Lou Hammond Ketilson from the University of Saskatchewan’s Centre for the Study of Co-operatives said in a Dec. 8 Parliament Hill speech that co-ops are “an under-estimated and overlooked opportunity” in Canada’s economy.
In an interview, she said government support could best come in the form of tax breaks that some provinces have enacted.
Manitoba offers a tax break on coop earnings, leaving more money for investment. Quebec provides a tax break for people who invest in cooperatives, dealing with the under-capitalization that is a problem for many co-ops.
The House of Commons finance committee has recommended for several years a federal version of the Quebec model that would cost little, attract tens of millions of dollars to co-ops and is recommended by Credit Union Central of Canada. Federal finance minister Jim Flaherty has yet to respond.
“If the federal government wants to support the sector, absolutely the best way would be through tax incentives,” Ketilson said in an interview after a speech to a session organized by the Canadian Federation for the Humanities and Social Sciences and the Canadian co-operative movement. “It would leave the sector to build the infrastructure that it needs to succeed.”
The United Nations has designated 2012 the year of co-operatives, and the Canadian movement is sponsoring a series of events throughout the year, ending with a national conference in Quebec City in October.
In her speech, Ketilson said her research has identified co-ops and credit unions as key players in the Canadian economy, trusted by Canadians at a time when private sector financial institutions are being questioned or under attack from the Occupy movement. More than 10 million Canadians are co-op members.
She said credit unions offer services in many rural and isolated communities where there are no other financial institutions.
They are locally controlled and offer financial services that private lenders are not prepared to do.

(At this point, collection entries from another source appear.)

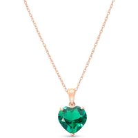 Lab Grown Emerald Pendant Necklace handcrafted in rose gold plated 9ct gold. Single 2.75 ct lab grown emerald. Heart shaped. The pendant hangs from a rose gold double link rope chain with spring clasp. Size: 10.2 x 17.8 mm (0.4 x 0.7 in). Material: 9ct Rose Gold. Total metal weight: 2.54 gr. 1 heart shaped lab grown emerald (12 x 12 mm) = 2.75 ct. Colour: Green. Stone cut: Heart Shaped. Anniversary: 20th Anniversary, 35th Anniversary. Birthstone: May.
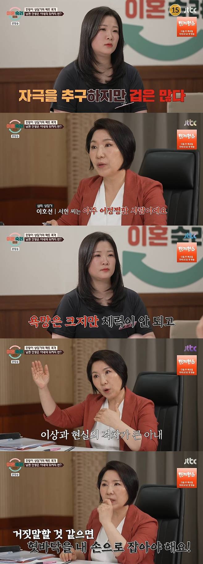 3일 방송된 JTBC '이혼숙려캠프'에서는 이호선 교수가 '팔랑귀 부부'와 상담을 진행했다.
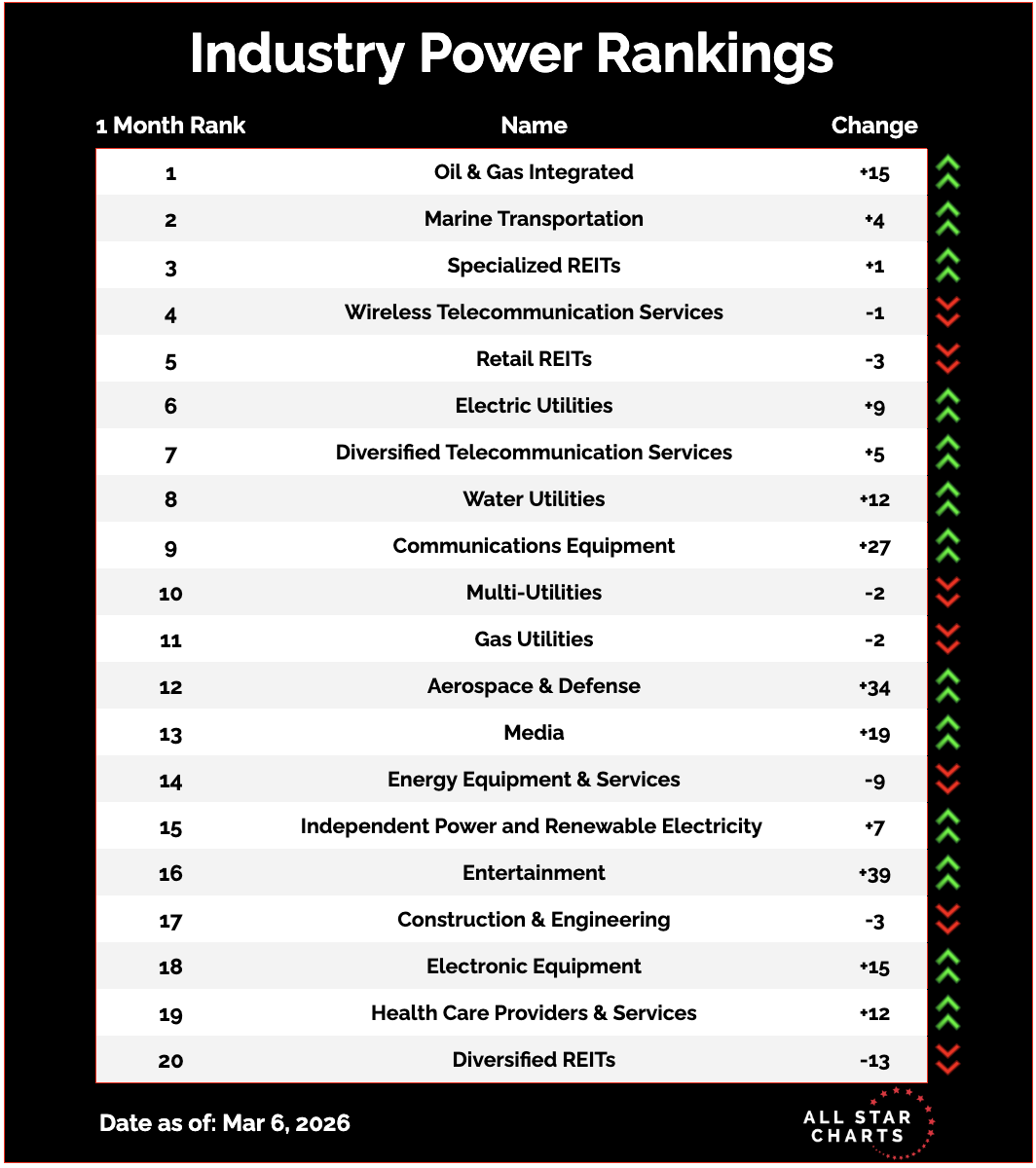 The Technology sector has been a bright spot, offering a degree of stability in an otherwise rough tape so far in March. The sector is digging in and refusing to break down on both an absolute and relative basis. With the broader market looking to establish a tradable low, evidence is mounting that big tech stocks will lead it out of this corrective wave. Here's a peek at our overall industry rankings, which shows Electronic Equipment moving up 15 spots and breaking into the top 20.

She said credit unions exist to service their members and are responsive to local direction, unlike private lenders who serve the interests of shareholders.
Ketilson, an unabashed supporter of the co-operative model, said mainstream economists who criticize them as inefficient miss the point.
“They are making decisions that put their members and their communities ahead of their institution,” she said.
However, co-operatives and credit unions are under-developed and have difficulty attracting investment and growth, she said. A major part of the problem is that most Canadians do not understand co-ops, how they are formed and what benefits they can provide, he said.